The Commoditization of Design

When you squint your eyes and tilt your head, don’t a lot of these products look awfully, well, similar? Don’t they look pretty but, at times, a little dull?

When it becomes necessary for virtually every business to signal they value design by adopting an up-to-date style, it becomes a commodity, a box to be ticked. That fresh look quickly becomes a cliché. This descent towards aesthetic monoculture was helped by the ease with which this particular style can be cheaply imitated: stick a blurred photo in the background, lay some centered Helvetica Neue on top and you’re already halfway there!

What other opportunities might we be missing out on? The internet and its surrounding technologies are the driving cultural forces of our generation. Taken individually all of these designs are quite beautiful.

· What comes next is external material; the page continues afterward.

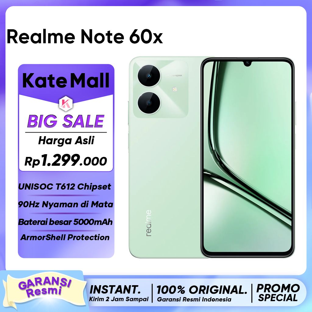 Realme Note 60x (4/64)(4/128) - Tahan Debu dan Percikan Air, 5000mAh Baterai Besar, Garansi Resmi

But who wants to live in a world with only one type of beauty?

Has Visual Design Fallen Flat?, Emmet Connolly

Great points all around in this piece.

What is the solution?

We could argue platforms like Squarespace have contributed to this homogonization and commodification of design, but at the same time, they’re enabled people and small businesses to create nice looking sites with an extremely easy-to-use content management system. In an alternate universe where Squarespace didn’t exist these would likely be horrendous HTML sites built in Dreamweaver or mobile-incompatible Flash sites from 2005.

The sad truth for a lot of designers (I’ve had a career as a designer for 15 years) is that many clients don’t need a custom-made website. An off-the-shelf solution from Squarespace, Virb, Weebly or Wix is more than adequate for many people. A custom website will not impact most businesses more than a one made with one of the previously mentioned services. This fact might hurt some egos, but the sooner designers come to terms with this, the better off they’ll be.

An even scarier and sadder truth is one people in the creative field like to think doesn’t apply to them: that robots and artificial intelligence will never replace them. Spoiler: this is already happening. My only advice is the words of Charles Darwin, and my daily mantra: “It is not the strongest nor the most intelligent species that survives, but the one most adaptable to change.”

Your value as a designer is in your ability to solve problems for clients. Most of the time this manifests itself in visual solutions, but as designers we have to learn that we can and should be able add value in other ways (again, follow the above mantra).